Le gouvernement français a annoncé, mardi, un renforcement immédiat et durable des dispositifs de cybersécurité de la Direction générale des finances publiques (DGFiP), après trois cyberattaques ayant entraîné plusieurs fuites de données, dont certaines fiscales, cadastrales et liées aux successions.

19 Août 2026 À 09:32

La première fuite concerne au moins 678.000 particuliers et professionnels, dont quelque 350.000 contribuables, avec le vol de données fiscales. Une deuxième cyberattaque a, par ailleurs, permis de subtiliser des données cadastrales, tandis qu’une troisième fuite concerne des informations relatives aux successions.



Lors d’une conférence de presse consacrée à cette cyberattaque, le gouvernement a présenté le renforcement de la sécurité des systèmes de l’État comme une priorité, alors que plusieurs compromissions de données ont été recensées ces derniers mois.

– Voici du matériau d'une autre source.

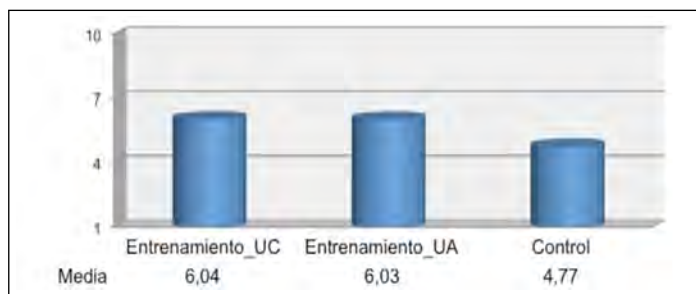
Figura 1. Media de las calificaciones en cada una de las condiciones (puntuación máxima = 10).

Como podemos observar en la figura 1, los estu-

Le ministre français chargé de la Fonction publique et de la Transformation de l’action publique, David Amiel, a affirmé lors de cette conférence de presse que "nos systèmes d’information comportent des faiblesses", annonçant un plan d’action articulé autour de plusieurs priorités, notamment la lutte contre la compromission des comptes des agents et le renforcement de leur formation en matière de cybersécurité.

La directrice générale de la DGFiP, Amélie Verdier, a indiqué de son côté que plus de 100 emplois étaient actuellement consacrés à la cybersécurité parmi les plus de 5.300 informaticiens de l’administration fiscale. Elle a annoncé l’accélération des projets de sécurisation des accès des agents, avec notamment la généralisation de l’authentification forte sur l’ensemble des accès. D’ici à la fin de l’année, tous les agents de la DGFiP seront également équipés de clés de sécurité USB (tokens) permettant de sécuriser la connexion à leurs comptes professionnels, a-t-elle dit.

Des mesures ont également été prises immédiatement après la découverte des intrusions, notamment la suppression de l’accès à certaines applications. Le portail permettant aux agents de consulter leurs courriels a également été rendu inaccessible à distance. Le gouvernement français entend par ailleurs renforcer la prévention contre les attaques reposant sur l’ingénierie sociale. Les campagnes internes de simulation d’hameçonnage seront ainsi intensifiées afin de tester la vigilance des agents, d’identifier les vulnérabilités et de réduire les risques liés au "phishing".

David Amiel a, en outre, souligné que l’essor rapide des capacités de l’intelligence artificielle accroissait les risques cyber. Il a ainsi demandé que l’administration puisse tester elle-même ses dispositifs au moyen d’outils d’intelligence artificielle placés sous contrôle, afin de mieux identifier et corriger ses vulnérabilités.

Les autorités françaises entendent aussi renforcer la prévention, considérée comme un axe majeur de la stratégie nationale de cybersécurité. Cette politique vise à améliorer la capacité de l’État à anticiper les attaques et à renforcer la résilience de ses infrastructures numériques.